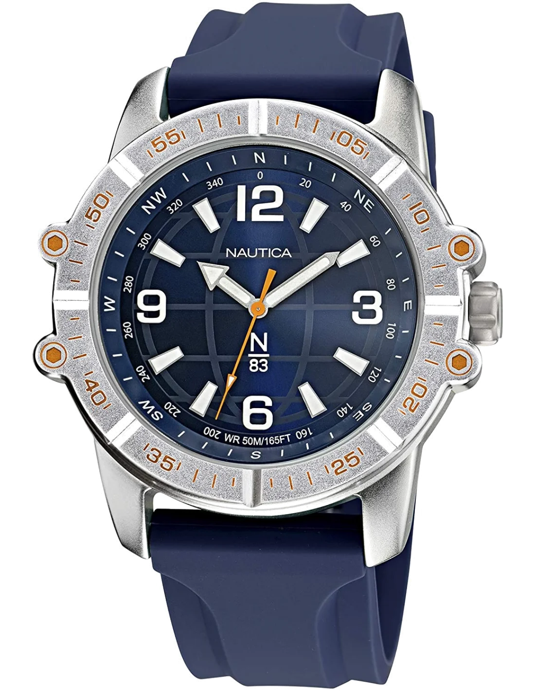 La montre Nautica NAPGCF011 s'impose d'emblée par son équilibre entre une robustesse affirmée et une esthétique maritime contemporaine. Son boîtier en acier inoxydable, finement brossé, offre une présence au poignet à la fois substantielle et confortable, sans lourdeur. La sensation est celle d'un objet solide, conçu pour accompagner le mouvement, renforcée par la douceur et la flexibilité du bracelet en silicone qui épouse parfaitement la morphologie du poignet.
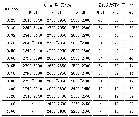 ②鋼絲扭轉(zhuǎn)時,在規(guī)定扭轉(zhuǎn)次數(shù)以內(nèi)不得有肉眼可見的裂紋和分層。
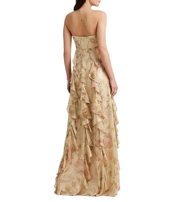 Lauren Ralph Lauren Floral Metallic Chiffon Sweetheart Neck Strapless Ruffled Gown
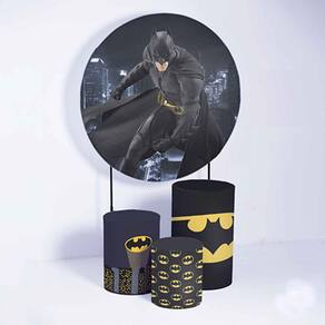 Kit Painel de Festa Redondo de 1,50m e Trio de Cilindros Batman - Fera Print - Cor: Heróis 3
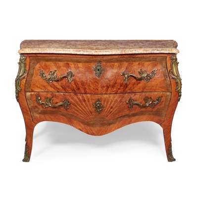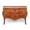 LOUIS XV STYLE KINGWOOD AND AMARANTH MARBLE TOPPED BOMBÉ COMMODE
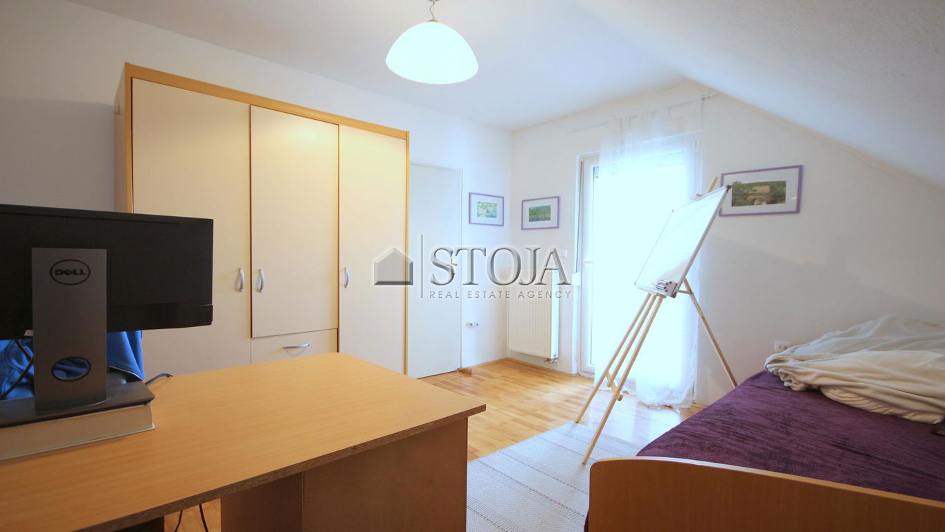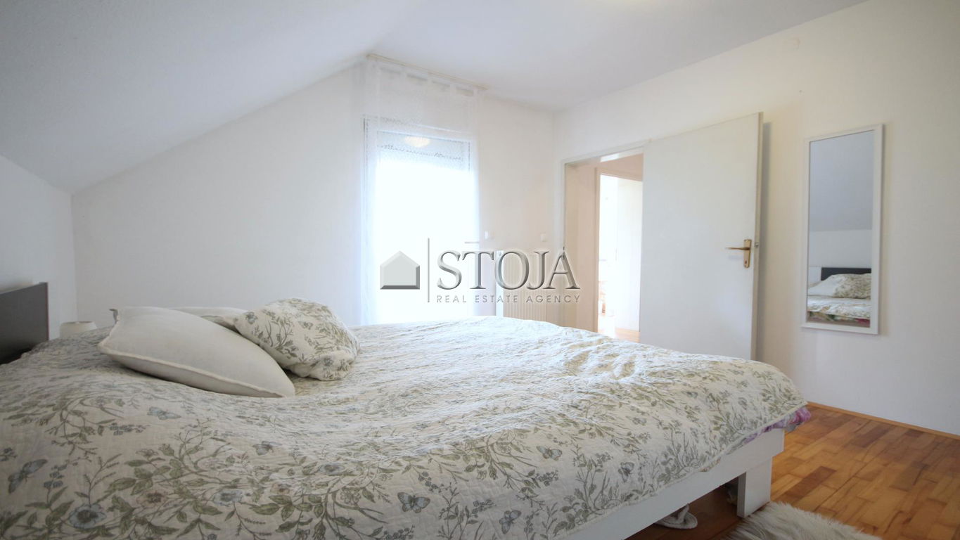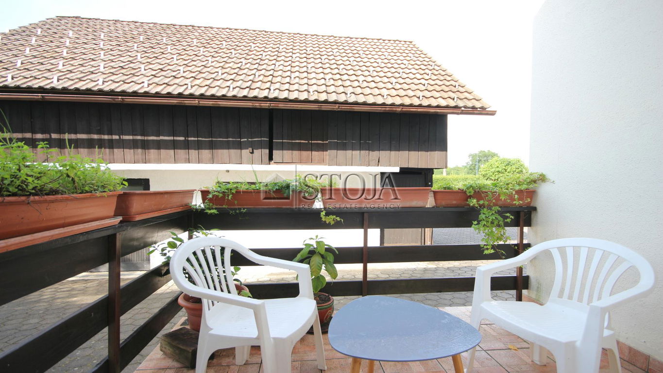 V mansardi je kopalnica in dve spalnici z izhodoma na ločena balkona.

######

### [Aim of the exercise]
Restate the data word for word without pictures.

### [Answer for the task]
 La montre Nautica NAPGCF011 s'impose d'emblée par son équilibre entre une robustesse affirmée et une esthétique maritime contemporaine. Son boîtier en acier inoxydable, finement brossé, offre une présence au poignet à la fois substantielle et confortable, sans lourdeur. La sensation est celle d'un objet solide, conçu pour accompagner le mouvement, renforcée par la douceur et la flexibilité du bracelet en silicone qui épouse parfaitement la morphologie du poignet.
 ②鋼絲扭轉(zhuǎn)時,在規(guī)定扭轉(zhuǎn)次數(shù)以內(nèi)不得有肉眼可見的裂紋和分層。
 Lauren Ralph Lauren Floral Metallic Chiffon Sweetheart Neck Strapless Ruffled Gown
 Kit Painel de Festa Redondo de 1,50m e Trio de Cilindros Batman - Fera Print - Cor: Heróis 3
 LOUIS XV STYLE KINGWOOD AND AMARANTH MARBLE TOPPED BOMBÉ COMMODE
 V mansardi je kopalnica in dve spalnici z izhodoma na ločena balkona.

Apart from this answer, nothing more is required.